*Task prompt:* Retype the line with "铜镏金衔环铺首,典型皇家规格。" exactly. Then retype every line after it through the end of the entries below, and nothing more, leaving out pictures.

*Information shown:*
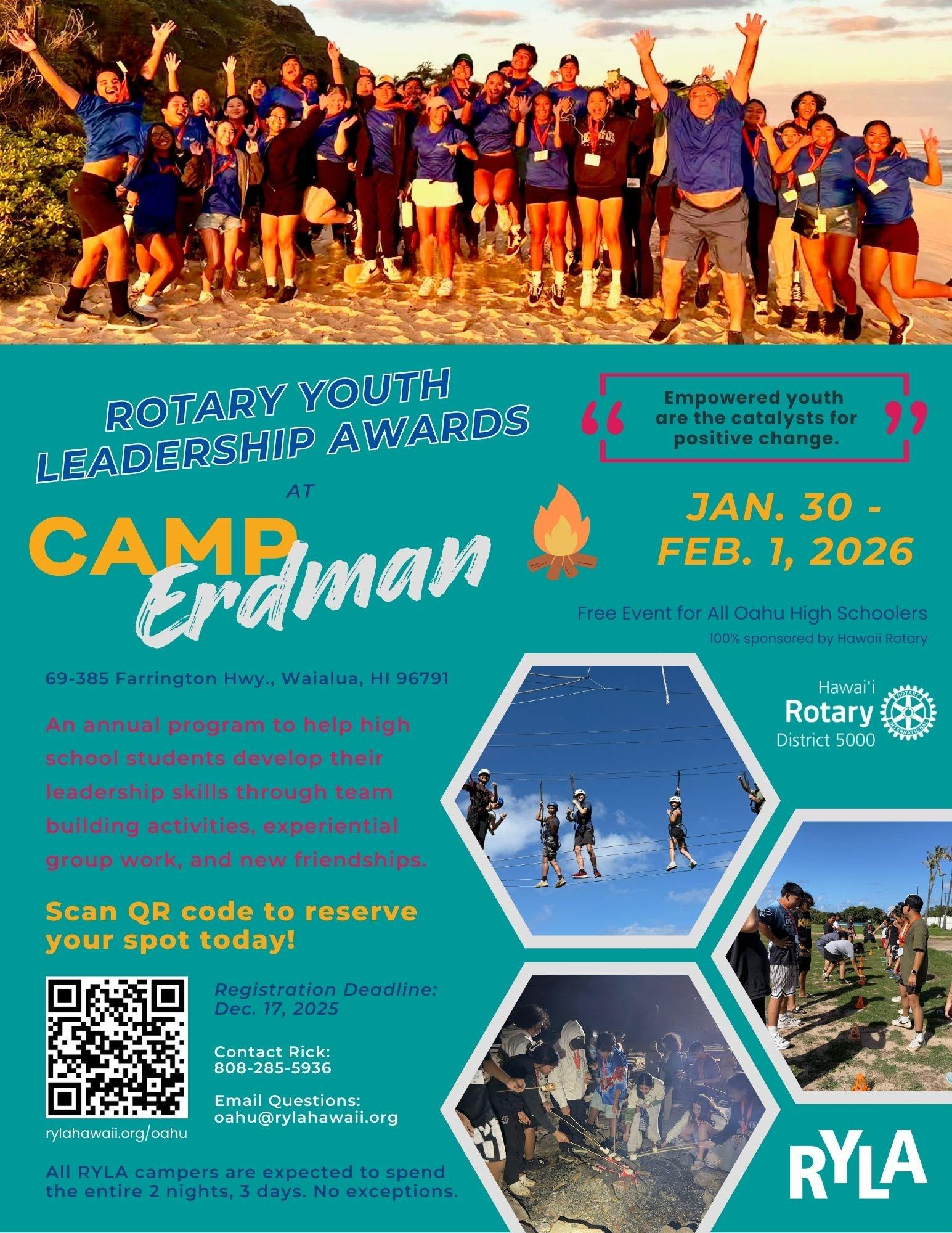 Discover the Power of Leadership with RYLA (Rotary Youth Leadership Awards) - an exciting and transformative weekend camp designed exclusively for high school students across the beautiful Hawaiian Islands. As a joint effort by the generous sponsors of Hawai'i Rotary District 5000 Clubs, RYLA is all about developing your leadership skills, empowering you to make a positive impact in your school and community.
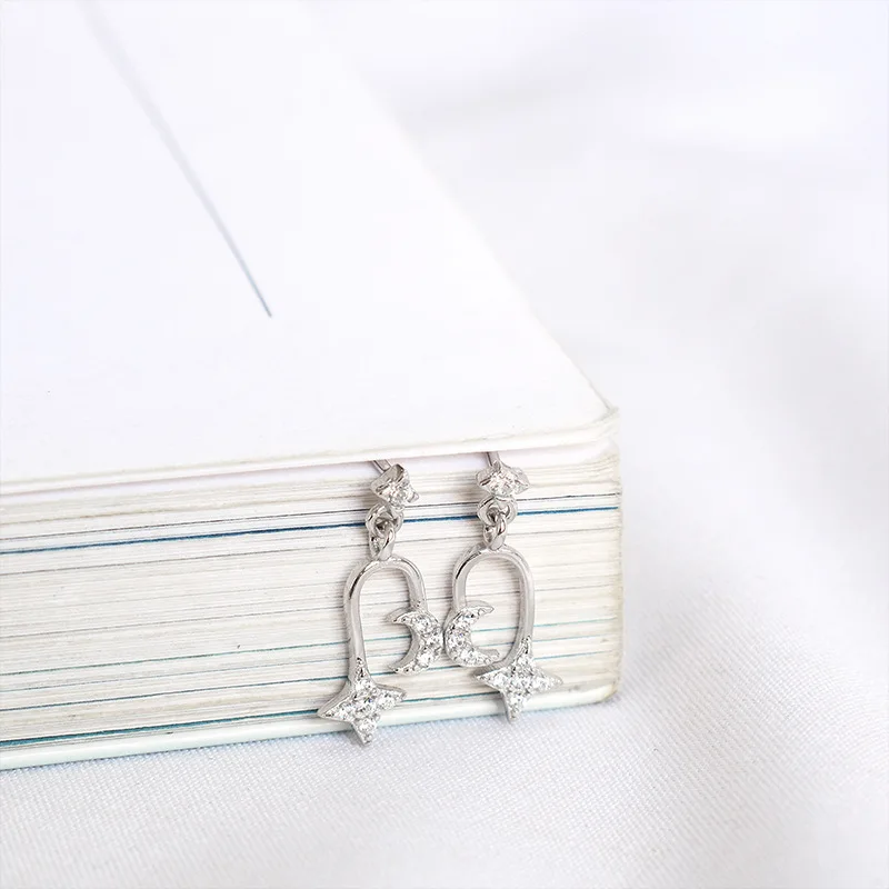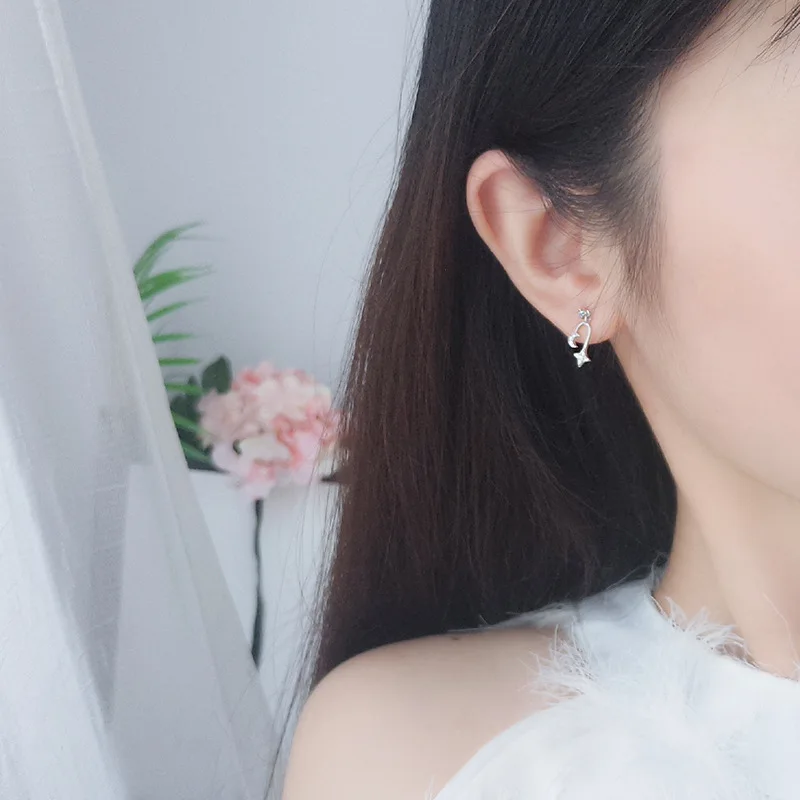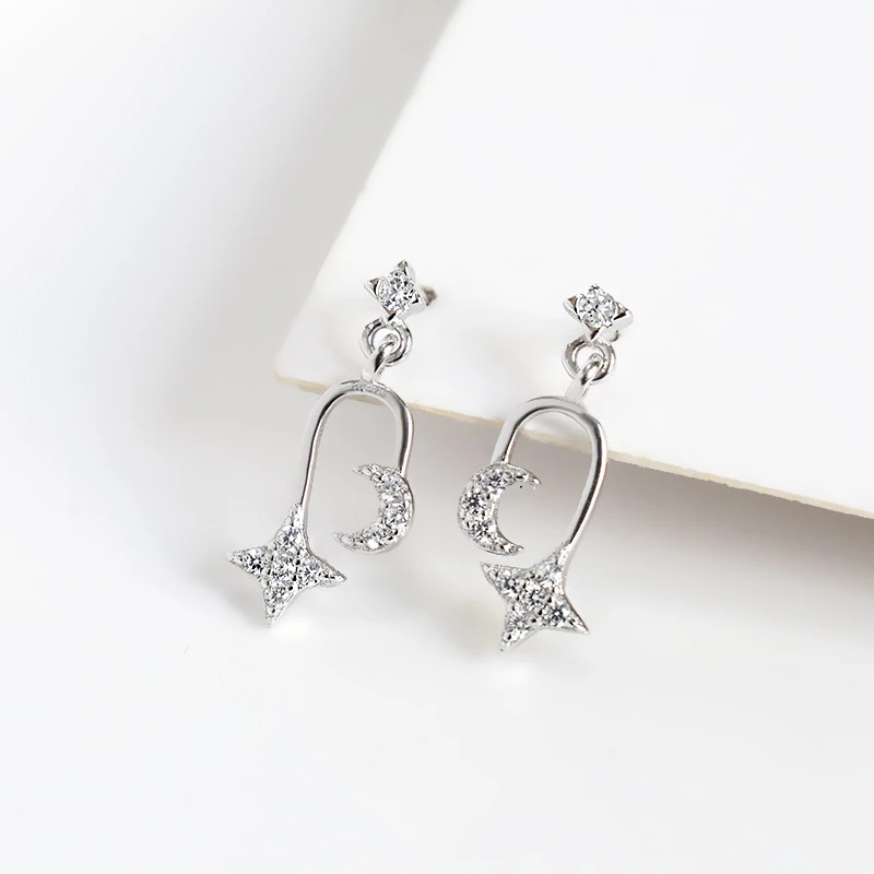 LKO настоящие серьги из стерлингового серебра 925 пробы с цирконом в виде звезды и луны, асимметричные шпильки для ушей для женщин, блестящие элегантные украшения для девочек
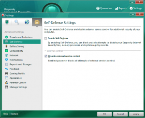 1. Buka Kaspersky Kemudian click setting, pilih icon paling kanan warna coklat, kemudian pilih self defense, Unchecklist Enable Self Defense nya
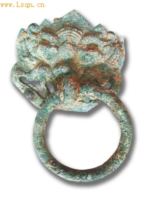 铜镏金衔环铺首,典型皇家规格。
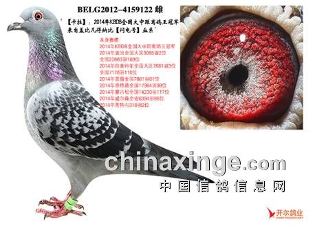 在欧洲赛场,7月7日上午9点百年经典——欧洲巴塞罗那千公里国际赛于西班牙巴塞罗那开笼放飞,比利时、荷兰、法国、德国、英国、卢森堡六国15707羽远程精英参加比赛。经过一天的漫长等候,冠军鸽于次日上午10点14分48秒凯旋,环号为B15-4014328,此鸽的外祖母是盖比“闪电号”直女,我们看一下获奖鸽的血统书。
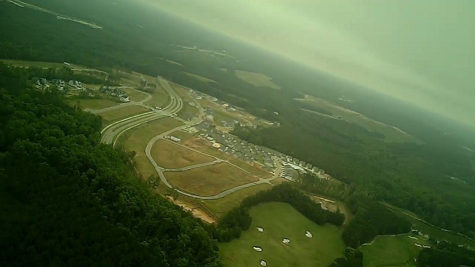 Thankfully the plot held and the payloads descended just southwest of the landfill.  The T-Beam’s predicted landing coordinates were transmitted to Paul’s chase car and then displayed on Habhub.   During descent this prediction danced around within 1km of the actual landing site.   It was headed for a neighborhood with a large sprawling golf course.  Three chase cars arrayed themselves there waiting.
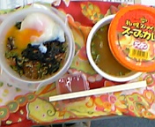まず、お約束のぶどうをつるんとな。今日のお昼のメインはキジ焼きどーん。と自分では名づけてます。玄米ご飯+ほうれん草を軽く炒めたの+ピーマン(赤&緑)とりつくね(ネギたっぷり)にはい、温泉たまご~タマゴは一日一個っていうのが実家のお決まりだったので、一日一個以上たべるとかなり罪悪感。でも温玉はやめられません。巨人・大鵬・玉子焼きっていってたお父さんの気持ちがわかる・・・。テヤンデイ!ヒーック!※かなりの満腹感で、丼終盤3口残しました。おかしい・・・・残すっていう概念がない人間なのに・・・。

*Task response:*
 铜镏金衔环铺首,典型皇家规格。
 在欧洲赛场,7月7日上午9点百年经典——欧洲巴塞罗那千公里国际赛于西班牙巴塞罗那开笼放飞,比利时、荷兰、法国、德国、英国、卢森堡六国15707羽远程精英参加比赛。经过一天的漫长等候,冠军鸽于次日上午10点14分48秒凯旋,环号为B15-4014328,此鸽的外祖母是盖比“闪电号”直女,我们看一下获奖鸽的血统书。
 Thankfully the plot held and the payloads descended just southwest of the landfill.  The T-Beam’s predicted landing coordinates were transmitted to Paul’s chase car and then displayed on Habhub.   During descent this prediction danced around within 1km of the actual landing site.   It was headed for a neighborhood with a large sprawling golf course.  Three chase cars arrayed themselves there waiting.
まず、お約束のぶどうをつるんとな。今日のお昼のメインはキジ焼きどーん。と自分では名づけてます。玄米ご飯+ほうれん草を軽く炒めたの+ピーマン(赤&緑)とりつくね(ネギたっぷり)にはい、温泉たまご~タマゴは一日一個っていうのが実家のお決まりだったので、一日一個以上たべるとかなり罪悪感。でも温玉はやめられません。巨人・大鵬・玉子焼きっていってたお父さんの気持ちがわかる・・・。テヤンデイ!ヒーック!※かなりの満腹感で、丼終盤3口残しました。おかしい・・・・残すっていう概念がない人間なのに・・・。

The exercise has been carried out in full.